Does the choice of medication affect which providers I can use?
Most UK providers offer both Mounjaro and Wegovy. However, some specialist programmes focus on one or the other, and a small number of pharmacy providers stock one more reliably than the other. Supply issues have been more common with Wegovy historically. The cleardose comparison tool lets you filter by drug.
Is the Wegovy 7.2mg dose available in the UK now?
Yes — it was approved by the MHRA in January 2026 and is available through private providers. It's not a starting dose; it's intended for patients who have already reached and tolerated the 2.4mg maintenance dose. Not all providers offer it yet, and supply is still establishing. Check individual providers for availability.

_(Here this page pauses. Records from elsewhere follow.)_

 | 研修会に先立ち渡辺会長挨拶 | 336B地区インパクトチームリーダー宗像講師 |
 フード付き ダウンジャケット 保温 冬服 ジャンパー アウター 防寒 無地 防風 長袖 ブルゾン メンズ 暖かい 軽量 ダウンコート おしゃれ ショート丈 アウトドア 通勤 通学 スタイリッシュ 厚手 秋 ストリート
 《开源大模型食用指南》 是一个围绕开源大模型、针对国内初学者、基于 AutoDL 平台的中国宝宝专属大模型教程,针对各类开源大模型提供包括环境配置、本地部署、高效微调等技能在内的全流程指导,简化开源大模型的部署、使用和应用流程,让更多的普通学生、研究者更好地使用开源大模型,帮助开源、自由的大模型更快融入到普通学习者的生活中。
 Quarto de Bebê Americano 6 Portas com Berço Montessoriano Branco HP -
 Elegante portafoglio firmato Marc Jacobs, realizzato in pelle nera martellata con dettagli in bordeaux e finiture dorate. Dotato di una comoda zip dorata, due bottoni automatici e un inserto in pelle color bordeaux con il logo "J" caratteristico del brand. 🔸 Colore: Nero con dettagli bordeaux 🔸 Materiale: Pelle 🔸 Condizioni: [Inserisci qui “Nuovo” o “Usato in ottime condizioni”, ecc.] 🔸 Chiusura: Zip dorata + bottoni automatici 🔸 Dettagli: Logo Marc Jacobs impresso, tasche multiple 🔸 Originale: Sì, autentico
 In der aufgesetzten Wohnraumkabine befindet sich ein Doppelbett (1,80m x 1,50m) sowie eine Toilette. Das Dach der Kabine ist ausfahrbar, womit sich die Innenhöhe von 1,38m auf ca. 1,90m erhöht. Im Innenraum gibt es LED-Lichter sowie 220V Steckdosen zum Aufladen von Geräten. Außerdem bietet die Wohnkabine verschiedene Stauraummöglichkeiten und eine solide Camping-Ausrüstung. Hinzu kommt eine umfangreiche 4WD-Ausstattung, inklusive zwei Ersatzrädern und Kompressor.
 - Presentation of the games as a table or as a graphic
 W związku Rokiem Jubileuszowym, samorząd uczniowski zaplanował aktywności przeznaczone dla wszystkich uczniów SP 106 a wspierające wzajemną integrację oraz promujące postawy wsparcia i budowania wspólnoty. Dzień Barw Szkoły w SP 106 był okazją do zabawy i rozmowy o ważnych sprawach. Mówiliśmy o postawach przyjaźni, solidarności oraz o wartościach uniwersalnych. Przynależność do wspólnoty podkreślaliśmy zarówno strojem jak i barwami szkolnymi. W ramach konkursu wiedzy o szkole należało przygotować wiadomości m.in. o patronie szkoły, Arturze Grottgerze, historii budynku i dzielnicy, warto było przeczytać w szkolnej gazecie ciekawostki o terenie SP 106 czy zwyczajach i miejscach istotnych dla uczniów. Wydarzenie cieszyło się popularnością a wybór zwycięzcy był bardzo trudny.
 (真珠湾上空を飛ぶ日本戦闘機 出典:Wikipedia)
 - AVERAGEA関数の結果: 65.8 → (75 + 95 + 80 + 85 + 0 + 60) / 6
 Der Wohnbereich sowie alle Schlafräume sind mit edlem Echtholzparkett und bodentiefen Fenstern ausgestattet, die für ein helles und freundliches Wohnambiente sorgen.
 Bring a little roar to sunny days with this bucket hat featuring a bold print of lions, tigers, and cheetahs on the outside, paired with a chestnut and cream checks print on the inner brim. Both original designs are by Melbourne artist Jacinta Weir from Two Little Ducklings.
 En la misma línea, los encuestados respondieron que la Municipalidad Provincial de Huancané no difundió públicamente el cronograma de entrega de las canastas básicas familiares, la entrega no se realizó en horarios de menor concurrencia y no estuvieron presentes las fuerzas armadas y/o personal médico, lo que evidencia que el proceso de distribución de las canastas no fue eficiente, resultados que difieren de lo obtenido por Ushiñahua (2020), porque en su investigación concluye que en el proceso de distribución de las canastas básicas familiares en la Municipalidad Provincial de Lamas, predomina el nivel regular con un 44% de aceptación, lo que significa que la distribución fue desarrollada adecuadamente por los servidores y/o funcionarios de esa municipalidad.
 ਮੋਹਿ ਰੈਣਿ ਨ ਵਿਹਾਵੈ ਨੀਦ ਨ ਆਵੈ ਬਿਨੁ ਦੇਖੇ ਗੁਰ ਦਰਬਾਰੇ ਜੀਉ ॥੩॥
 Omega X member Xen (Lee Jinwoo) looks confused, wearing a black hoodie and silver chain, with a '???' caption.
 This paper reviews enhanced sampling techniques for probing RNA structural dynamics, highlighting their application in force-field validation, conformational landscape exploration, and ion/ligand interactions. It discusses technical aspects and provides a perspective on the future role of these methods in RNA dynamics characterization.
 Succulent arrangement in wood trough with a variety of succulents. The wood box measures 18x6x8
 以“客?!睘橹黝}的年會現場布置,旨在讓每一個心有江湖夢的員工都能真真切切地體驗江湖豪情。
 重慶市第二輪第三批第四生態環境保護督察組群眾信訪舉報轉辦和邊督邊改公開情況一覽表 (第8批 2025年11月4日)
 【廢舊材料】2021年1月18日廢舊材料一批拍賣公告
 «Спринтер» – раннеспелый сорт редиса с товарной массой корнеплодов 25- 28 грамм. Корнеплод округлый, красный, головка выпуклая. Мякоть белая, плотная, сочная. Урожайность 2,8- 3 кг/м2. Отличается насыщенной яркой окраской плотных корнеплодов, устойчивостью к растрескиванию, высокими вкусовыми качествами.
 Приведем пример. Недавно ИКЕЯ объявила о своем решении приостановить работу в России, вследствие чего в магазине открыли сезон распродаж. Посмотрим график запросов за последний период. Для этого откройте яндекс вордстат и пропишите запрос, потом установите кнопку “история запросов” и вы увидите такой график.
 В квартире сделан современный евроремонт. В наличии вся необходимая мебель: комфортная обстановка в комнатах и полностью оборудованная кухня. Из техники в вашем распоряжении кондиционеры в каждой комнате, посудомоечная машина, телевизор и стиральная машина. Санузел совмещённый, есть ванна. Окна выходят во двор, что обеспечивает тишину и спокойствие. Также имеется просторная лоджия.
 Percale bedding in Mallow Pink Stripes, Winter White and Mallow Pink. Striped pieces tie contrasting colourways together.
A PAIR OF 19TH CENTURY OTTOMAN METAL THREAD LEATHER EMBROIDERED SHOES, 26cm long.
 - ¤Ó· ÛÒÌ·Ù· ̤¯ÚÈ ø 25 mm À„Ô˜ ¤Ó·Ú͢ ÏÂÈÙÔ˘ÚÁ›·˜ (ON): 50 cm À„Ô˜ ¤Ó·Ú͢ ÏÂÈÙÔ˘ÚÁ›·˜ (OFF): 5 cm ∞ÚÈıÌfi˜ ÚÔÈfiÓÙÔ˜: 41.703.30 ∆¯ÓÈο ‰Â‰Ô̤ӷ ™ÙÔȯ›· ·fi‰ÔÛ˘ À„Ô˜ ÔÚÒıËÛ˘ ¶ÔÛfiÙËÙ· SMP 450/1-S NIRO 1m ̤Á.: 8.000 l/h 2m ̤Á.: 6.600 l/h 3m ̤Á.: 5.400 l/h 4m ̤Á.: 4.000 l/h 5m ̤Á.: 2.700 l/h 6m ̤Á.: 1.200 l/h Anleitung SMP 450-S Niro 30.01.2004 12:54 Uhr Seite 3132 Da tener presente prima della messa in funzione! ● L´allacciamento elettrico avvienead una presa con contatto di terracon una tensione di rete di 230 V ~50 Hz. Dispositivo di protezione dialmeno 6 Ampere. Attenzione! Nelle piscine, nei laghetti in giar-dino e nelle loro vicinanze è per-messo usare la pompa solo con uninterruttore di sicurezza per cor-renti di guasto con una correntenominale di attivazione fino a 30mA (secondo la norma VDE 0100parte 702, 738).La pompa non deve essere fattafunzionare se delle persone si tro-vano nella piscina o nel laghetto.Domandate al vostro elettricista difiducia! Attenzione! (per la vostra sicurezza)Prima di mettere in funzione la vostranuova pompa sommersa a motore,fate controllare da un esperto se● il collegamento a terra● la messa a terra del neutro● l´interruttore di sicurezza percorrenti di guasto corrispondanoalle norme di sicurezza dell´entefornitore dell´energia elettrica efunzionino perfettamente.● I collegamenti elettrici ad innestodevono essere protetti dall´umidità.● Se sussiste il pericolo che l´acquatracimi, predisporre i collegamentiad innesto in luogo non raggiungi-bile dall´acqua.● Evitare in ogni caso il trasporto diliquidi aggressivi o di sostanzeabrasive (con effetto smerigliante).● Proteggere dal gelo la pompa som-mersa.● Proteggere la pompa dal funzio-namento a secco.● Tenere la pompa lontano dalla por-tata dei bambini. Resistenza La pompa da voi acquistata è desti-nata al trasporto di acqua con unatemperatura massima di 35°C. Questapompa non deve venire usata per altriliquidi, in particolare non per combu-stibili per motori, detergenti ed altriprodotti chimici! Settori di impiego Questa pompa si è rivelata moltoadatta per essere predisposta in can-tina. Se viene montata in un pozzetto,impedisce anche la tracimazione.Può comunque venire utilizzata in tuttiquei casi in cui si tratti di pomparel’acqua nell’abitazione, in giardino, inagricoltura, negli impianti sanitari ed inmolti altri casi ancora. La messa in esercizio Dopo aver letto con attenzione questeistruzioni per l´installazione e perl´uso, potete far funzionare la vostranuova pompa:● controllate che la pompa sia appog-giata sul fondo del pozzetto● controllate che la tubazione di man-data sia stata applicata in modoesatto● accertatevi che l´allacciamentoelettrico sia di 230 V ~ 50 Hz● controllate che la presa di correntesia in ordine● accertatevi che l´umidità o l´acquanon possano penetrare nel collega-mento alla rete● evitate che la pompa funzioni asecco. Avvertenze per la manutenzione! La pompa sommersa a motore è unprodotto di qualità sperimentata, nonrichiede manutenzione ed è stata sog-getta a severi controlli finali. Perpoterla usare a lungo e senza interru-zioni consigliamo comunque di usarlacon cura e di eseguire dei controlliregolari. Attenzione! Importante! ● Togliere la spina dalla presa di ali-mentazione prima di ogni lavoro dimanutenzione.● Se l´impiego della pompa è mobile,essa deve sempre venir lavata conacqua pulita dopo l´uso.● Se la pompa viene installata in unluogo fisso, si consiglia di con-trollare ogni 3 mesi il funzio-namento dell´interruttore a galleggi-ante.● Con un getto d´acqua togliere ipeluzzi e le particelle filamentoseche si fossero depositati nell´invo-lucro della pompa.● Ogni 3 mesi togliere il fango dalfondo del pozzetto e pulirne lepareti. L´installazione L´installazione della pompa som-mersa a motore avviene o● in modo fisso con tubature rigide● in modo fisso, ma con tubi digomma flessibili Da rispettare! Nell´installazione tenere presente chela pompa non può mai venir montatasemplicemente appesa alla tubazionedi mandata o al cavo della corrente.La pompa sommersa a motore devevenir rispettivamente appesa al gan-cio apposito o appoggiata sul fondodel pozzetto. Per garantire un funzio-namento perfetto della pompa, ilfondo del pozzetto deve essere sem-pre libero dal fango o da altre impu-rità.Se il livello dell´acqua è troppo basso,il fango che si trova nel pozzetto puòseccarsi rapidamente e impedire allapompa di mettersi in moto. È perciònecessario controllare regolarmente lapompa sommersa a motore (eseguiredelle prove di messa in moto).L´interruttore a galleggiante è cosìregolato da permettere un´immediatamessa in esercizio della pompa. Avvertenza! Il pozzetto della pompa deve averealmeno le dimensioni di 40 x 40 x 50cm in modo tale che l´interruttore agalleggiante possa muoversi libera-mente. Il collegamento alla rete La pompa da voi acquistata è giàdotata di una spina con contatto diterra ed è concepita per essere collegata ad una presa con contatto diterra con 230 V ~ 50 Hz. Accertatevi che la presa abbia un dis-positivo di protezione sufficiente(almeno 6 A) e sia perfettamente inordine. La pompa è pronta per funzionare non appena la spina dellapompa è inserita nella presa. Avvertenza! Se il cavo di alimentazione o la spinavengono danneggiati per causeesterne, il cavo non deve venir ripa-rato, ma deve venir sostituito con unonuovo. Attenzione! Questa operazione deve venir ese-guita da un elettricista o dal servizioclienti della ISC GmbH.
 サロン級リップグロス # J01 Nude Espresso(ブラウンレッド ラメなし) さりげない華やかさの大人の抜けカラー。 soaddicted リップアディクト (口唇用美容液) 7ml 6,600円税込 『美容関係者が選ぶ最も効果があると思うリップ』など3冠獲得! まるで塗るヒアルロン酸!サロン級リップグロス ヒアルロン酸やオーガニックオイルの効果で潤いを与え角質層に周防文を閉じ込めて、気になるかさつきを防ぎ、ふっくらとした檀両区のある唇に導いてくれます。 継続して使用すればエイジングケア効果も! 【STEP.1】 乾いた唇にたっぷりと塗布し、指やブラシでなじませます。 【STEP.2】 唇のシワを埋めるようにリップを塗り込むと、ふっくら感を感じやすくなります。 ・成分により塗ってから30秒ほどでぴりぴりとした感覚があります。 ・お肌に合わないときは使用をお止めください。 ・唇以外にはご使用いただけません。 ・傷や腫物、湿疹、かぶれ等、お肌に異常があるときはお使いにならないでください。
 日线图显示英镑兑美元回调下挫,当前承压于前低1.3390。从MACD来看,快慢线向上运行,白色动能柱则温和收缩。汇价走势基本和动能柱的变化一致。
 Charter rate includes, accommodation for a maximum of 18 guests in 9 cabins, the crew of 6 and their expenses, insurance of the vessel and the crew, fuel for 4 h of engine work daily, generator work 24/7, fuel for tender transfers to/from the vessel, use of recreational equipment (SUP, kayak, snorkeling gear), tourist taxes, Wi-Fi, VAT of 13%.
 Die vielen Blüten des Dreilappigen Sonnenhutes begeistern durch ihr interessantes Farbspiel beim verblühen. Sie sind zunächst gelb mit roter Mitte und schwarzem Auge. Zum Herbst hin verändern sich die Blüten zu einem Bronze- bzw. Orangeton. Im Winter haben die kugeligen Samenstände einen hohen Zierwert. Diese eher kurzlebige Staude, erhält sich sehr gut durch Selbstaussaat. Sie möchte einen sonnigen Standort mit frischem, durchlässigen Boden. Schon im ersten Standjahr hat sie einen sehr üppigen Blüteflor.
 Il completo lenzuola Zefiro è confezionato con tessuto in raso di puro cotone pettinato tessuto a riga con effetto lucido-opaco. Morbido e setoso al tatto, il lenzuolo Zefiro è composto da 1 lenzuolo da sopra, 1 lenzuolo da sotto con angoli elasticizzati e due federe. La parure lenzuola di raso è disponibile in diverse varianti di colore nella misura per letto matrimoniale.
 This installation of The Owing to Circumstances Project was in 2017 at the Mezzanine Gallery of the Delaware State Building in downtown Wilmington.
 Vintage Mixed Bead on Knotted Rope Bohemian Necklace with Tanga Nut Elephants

What happens if I stop taking the medication?
Weight regain is common after stopping both medications — for most people, appetite returns to pre-treatment levels relatively quickly. Research consistently shows that the medications work while you take them; they don't create lasting metabolic changes. This makes long-term cost a real factor in choosing which to start with.
Can I get either medication on the NHS?
Mounjaro became available on the NHS from June 2025 for very high-need patients — typically BMI 40+ with at least four weight-related health conditions. Wegovy is available through specialist NHS weight management services but access remains highly restricted. In practice, most people currently access both medications through private prescription.
Which medication causes more nausea?
Clinical trial data doesn't show a significant difference in nausea rates between the two. Both cause GI side effects most prominently during dose escalation. Individual response varies considerably — some people tolerate one much better than the other. If you experience significant side effects, speak to your prescriber before stopping.